While these disciplines share a common mission, their focus and practice differ in important ways. Maier (2009, pg. 425) defines a system as “a collection of things or elements that, working together, produce a result not achievable by the elements alone.”

These definitions of system and architecture lead to a broad view of systems architecture, as shown in Figure 1.

Figure 1.

Enterprise, systems, and software architecture domains

With its focus on managing business information and enabling business processes, enterprise architecture is a specialization of systems architecture according to problem focus. By contrast, with its focus on manipulating computational abstractions which represent real world entities, software architecture is a specialization of system architecture on a different axis: solution mechanism.

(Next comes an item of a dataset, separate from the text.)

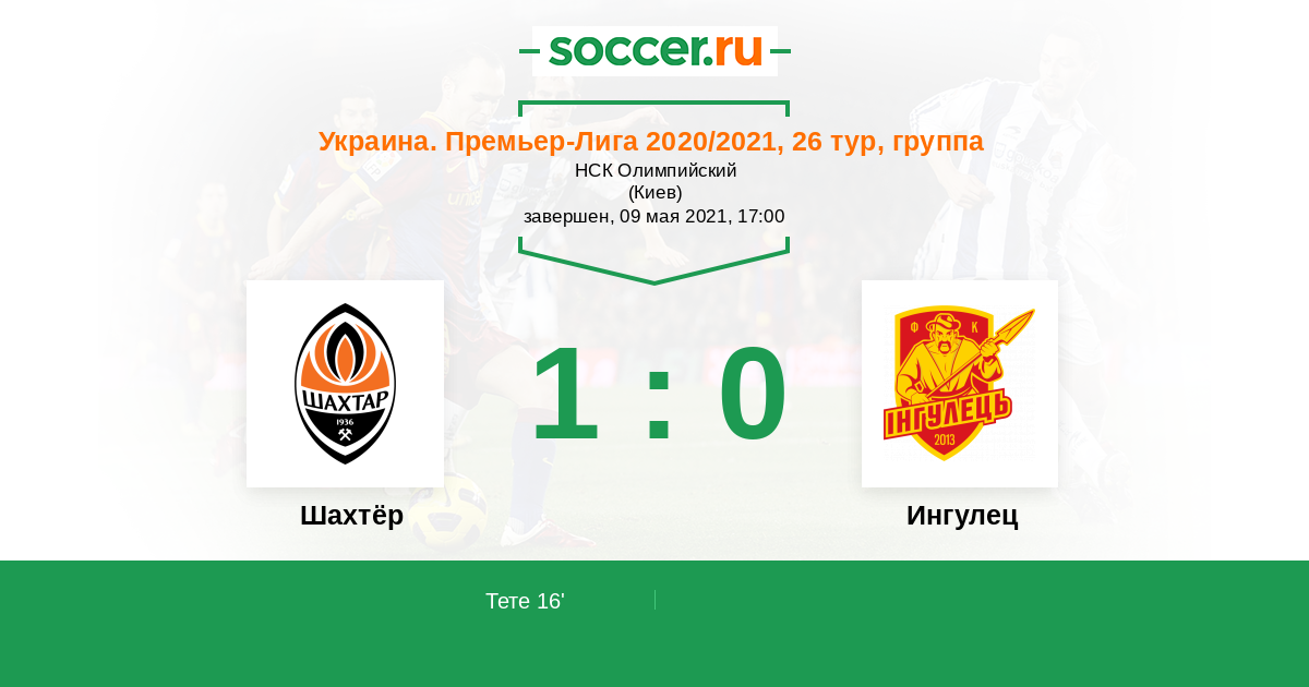16' (1:0) Тете (14) (Патрик Алан (21))

Software, systems and enterprise architecture intersect in the region where computational abstractions manage the storage and flow of business information and model the behavior of business processes and workflows. Realtime control systems, such as medical devices, automotive and avionics are areas where software and systems architecture overlap, with a somewhat lesser concern for enterprise architecture. However, all one need do is step outside the boundary of a medical device and strong evidence of electronic medical records and hospital information systems (enterprise architecture) will be present. Virtually the same statement can be made for any other realtime control system.